TABANAN (terasbalinews.com). Ketua Umum Asosiasi Museum Indonesia (AMI) Putu Supadma Rudana mendorong Pemerintah Kabupaten (Pemkab) Tabanan segera membangun museum dan galeri sebagai ruang pelestarian seni dan budaya. Menurutnya, Tabanan memiliki banyak peninggalan sejarah, tradisi agraris yang kuat, serta seniman-sastrawan yang melahirkan karya kelas dunia.
“Tabanan bisa menjadi roadmap kebudayaan. Saya yakin eksekutif dan legislatif mampu bersinergi mewujudkan museum dan galeri,” ujar Supadma Rudana saat Temu Wicara Kebudayaan di Gedung Kesenian Ketut Maria, Tabanan, Jumat (5/9).
Temu Wicara ini menjadi rangkaian terakhir dari roadshow Menteri Kebudayaan Fadli Zon di Bali yang berlangsung 1–5 September 2025. Sebelumnya, Menbud membuka pameran keris di Museum Neka, Ubud (1/9) dan menghadiri forum internasional CHANDI (Culture, Heritage, Arts, Narratives, Diplomacy, and Innovations) di The Meru Sanur, Denpasar (3–5/9).
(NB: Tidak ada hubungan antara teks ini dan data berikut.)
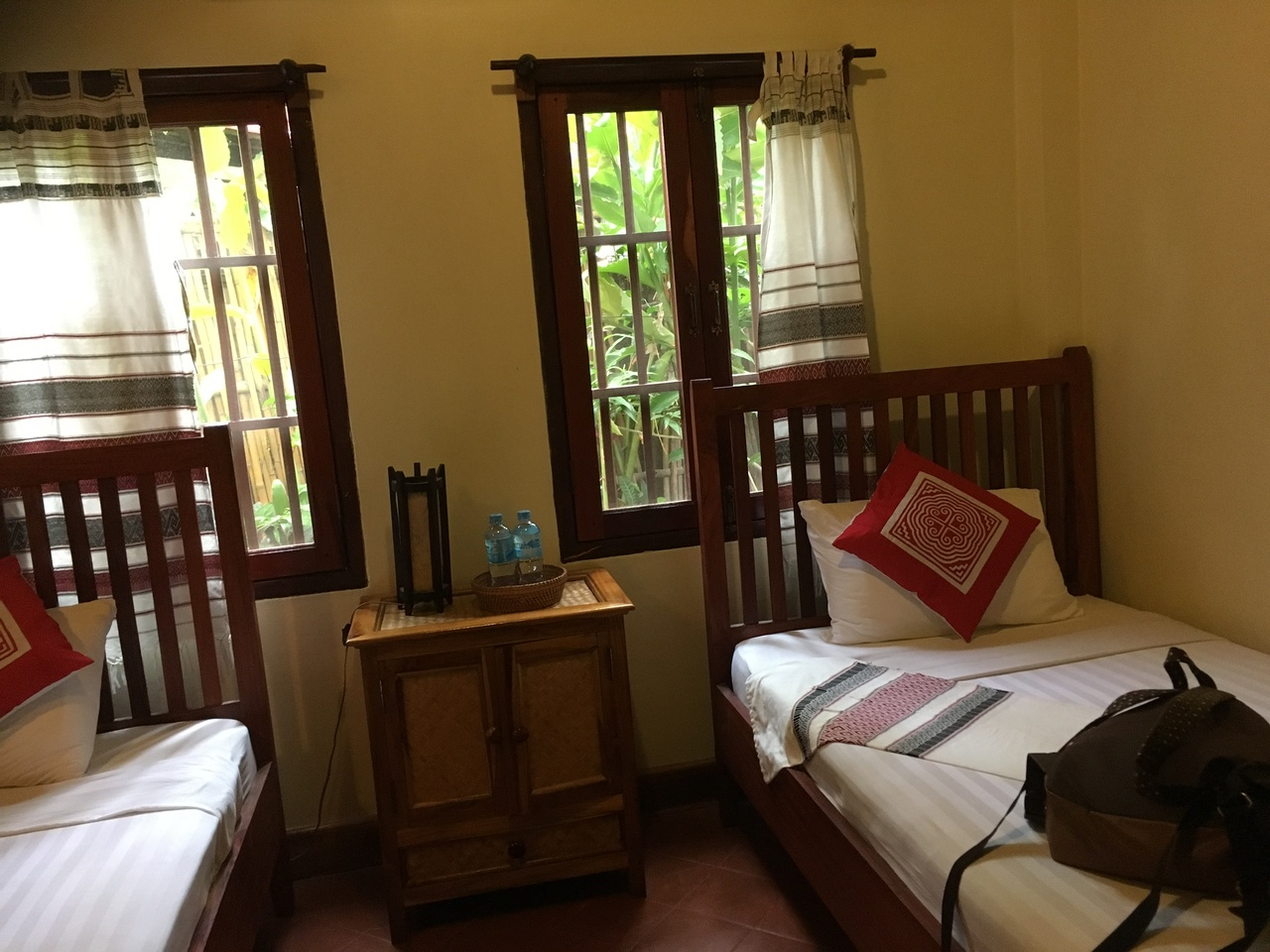王宮近く、朝市やナイトマーケットにも近い場所にありながら静かなロッジです。朝ごはんはパンと卵料理、フルーツとコーヒーでシンプルですが、美味しかったです。ただ毎朝同じなので、3泊目は近くの朝市で買って食べたりしました。ちょっと残念だったのは、湯沸かし器の調整が難しくて、最初は中々上手くお湯が出なかったことです。

Di Tabanan, Fadli Zon sempat mengunjungi kediaman seniman I Gusti Putu Bawa Samar Gantang di Jero Tengah, Desa Dauh Peken. Kunjungannya disambut Bupati Tabanan Komang Gede Sanjaya, Wakil Bupati I Made Dirga, dan sejumlah pejabat daerah.
Supadma Rudana, yang turut menginisiasi roadshow ini bersama seniman Tabanan I Gusti Nengah Nurata, menegaskan museum memiliki fungsi vital sebagai “rumah abadi peradaban”. Ia menilai Tabanan perlu ruang penyimpanan artefak, karya seni, sastra, keris, gamelan, hingga hiasan seni yang merekam perjalanan sejarah daerah.
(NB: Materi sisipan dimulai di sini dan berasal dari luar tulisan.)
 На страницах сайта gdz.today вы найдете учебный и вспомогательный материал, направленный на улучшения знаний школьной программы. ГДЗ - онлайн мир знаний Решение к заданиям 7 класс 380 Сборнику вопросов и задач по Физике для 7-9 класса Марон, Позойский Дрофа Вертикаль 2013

Sementara itu, galeri dapat menjadi ruang apresiasi bagi karya-karya seniman masa kini.
“Museum adalah soko guru bangsa, rumah tertinggi kebudayaan, dan sumber inspirasi,” tegas Supadma yang juga President of The Rudana sekaligus pengelola Museum Rudana di Ubud, Gianyar.
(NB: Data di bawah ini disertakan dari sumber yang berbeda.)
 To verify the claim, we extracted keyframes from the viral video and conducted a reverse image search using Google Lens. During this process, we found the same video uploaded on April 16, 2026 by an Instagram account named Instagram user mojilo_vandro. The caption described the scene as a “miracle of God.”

Menurutnya, momentum kebangkitan kebudayaan semakin kuat setelah Presiden Prabowo Subianto membentuk Kementerian Kebudayaan yang berdiri sendiri. Bahkan, Menbud Fadli Zon telah menetapkan 17 Oktober sebagai Hari Kebudayaan Nasional.
“Ini membuktikan perhatian pemerintah terhadap kebudayaan tidak main-main,” tandasnya. (red)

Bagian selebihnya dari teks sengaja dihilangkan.